Alex Constantine - October 4, 2008
Paul Russell: Who dares to question the 'Big Lie of 9/11'?
October 04, 2008
What exactly happened on Sept. 11, 2001? Did the Twin Towers fall because of terrorism or have we been duped by the “Big Lie of 9/11”? An avid debate on that question broke out on our letters page last week, in reaction to the dismissal of Lesley Hughes, a Liberal candidate and 9/11 skeptic. Some readers sided with her.
“Numerous military, intelligence and government insiders have gone on record rejecting the official account,” wrote Inge Hanle. “So have firefighters, veterans and scientists. With several U.S. senators now daring to take on the issue, it’s high time for the Post and other media cogs to open your eyes to the lies.”

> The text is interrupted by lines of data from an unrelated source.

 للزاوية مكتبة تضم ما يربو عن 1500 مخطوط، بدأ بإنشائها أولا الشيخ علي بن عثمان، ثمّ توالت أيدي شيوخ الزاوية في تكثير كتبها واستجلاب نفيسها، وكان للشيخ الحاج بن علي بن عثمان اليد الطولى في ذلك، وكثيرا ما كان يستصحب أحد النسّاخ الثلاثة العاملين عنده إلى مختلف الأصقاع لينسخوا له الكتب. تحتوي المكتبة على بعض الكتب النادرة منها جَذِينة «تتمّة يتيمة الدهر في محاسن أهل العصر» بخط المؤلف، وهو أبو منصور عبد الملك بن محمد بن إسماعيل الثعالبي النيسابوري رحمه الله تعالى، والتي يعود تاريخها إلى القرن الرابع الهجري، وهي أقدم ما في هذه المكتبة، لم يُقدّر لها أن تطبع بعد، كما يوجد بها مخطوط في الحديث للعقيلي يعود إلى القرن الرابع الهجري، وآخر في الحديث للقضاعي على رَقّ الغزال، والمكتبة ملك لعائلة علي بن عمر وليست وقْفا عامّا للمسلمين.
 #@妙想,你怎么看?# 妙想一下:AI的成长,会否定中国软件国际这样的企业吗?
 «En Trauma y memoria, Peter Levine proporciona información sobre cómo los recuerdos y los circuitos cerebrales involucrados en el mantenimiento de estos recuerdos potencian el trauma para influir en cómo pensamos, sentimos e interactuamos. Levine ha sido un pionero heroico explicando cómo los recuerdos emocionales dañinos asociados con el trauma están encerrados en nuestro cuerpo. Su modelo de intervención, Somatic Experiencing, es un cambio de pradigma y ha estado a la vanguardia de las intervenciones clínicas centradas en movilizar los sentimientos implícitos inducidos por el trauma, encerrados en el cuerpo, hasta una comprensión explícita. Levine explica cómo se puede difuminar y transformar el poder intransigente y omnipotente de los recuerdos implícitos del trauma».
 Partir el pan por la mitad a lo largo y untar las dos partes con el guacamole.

Adding weight to the skeptics’ side was Anthony J. Hall, a University of Lethbridge professor. In a letter published last week, he noted, “We are living in the toxic fallout generated by the big lie of 9/11.” That statement was flatly rejected by other readers.
“So, Anthony J. Hall thinks that 9/11 was a big lie,” wrote Roy Weston. “He’ll have to take a number and wait behind those who believe the moon walk took place in a movie studio. Piecing together a series of coincidences doesn’t result in a fact ... so far Anthony Hall and his ilk have produced only innuendos, possibilities and probabilities.”

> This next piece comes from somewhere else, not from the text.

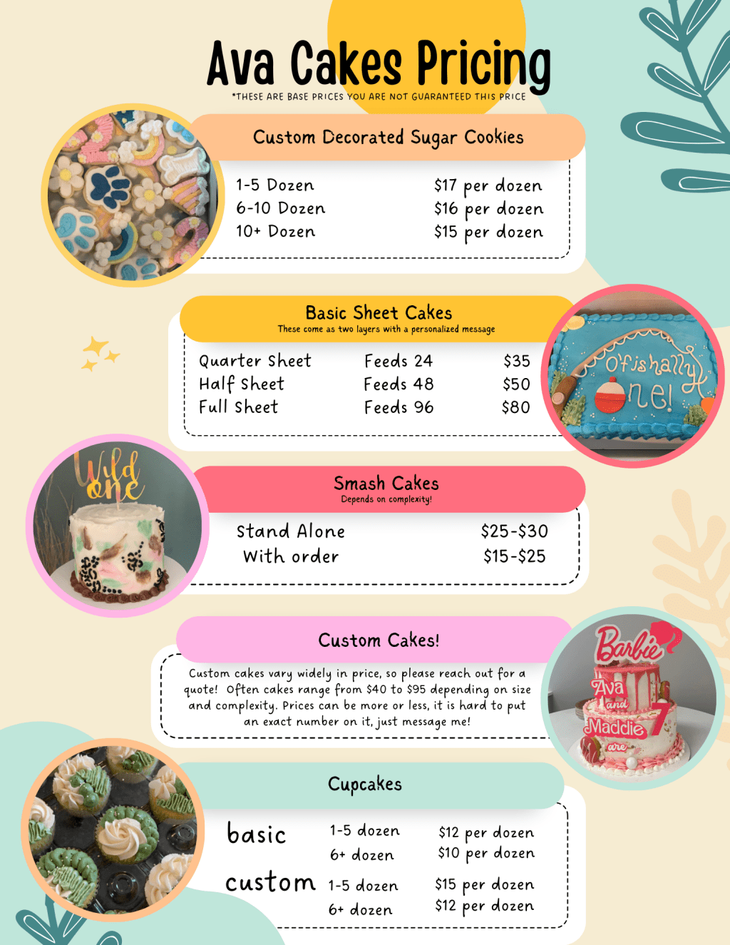 Above you can see some baseline prices, along with options! I also offer multiple other treats that aren’t listed on the pricing sheet, but feel free to just ask! For cake flavors we offer chocolate, white, red velvet, spice, lemon, strawberry, and pretty much any flavor you’d like! For fillings we do chocolate, vanilla, strawberry, cream cheese, lemon, raspberry, or whatever you please. We are always excited to try new flavors!
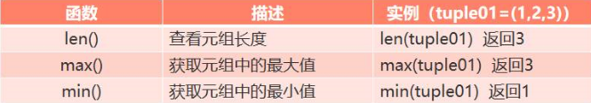 2)for循环 for x in 元组: →迭代获取元组中的每一个元素 例:for x in (1,2,3):

In a follow-up note to the Post, Prof. Hall defended his position through his engaging essay, “A Clash of Conspiracy Theories” (available on the Web). While it may not convince readers to join the 9/11 conspiracy crowd, it does present a cogent argument for why the public should be more receptive to alternative views about that pivotal day.
Prof. Hall opens by assuring readers that he does not side with Ms. Hughes’ “factually wrong and ill advised comment” that Israel knew in advance about what would happen on 9/11; “ ... we must strive to prevent ethnic or religious prejudices from colouring our interpretations of, and responses to, the assaults on the Twin Towers and the Pentagon seven years ago.”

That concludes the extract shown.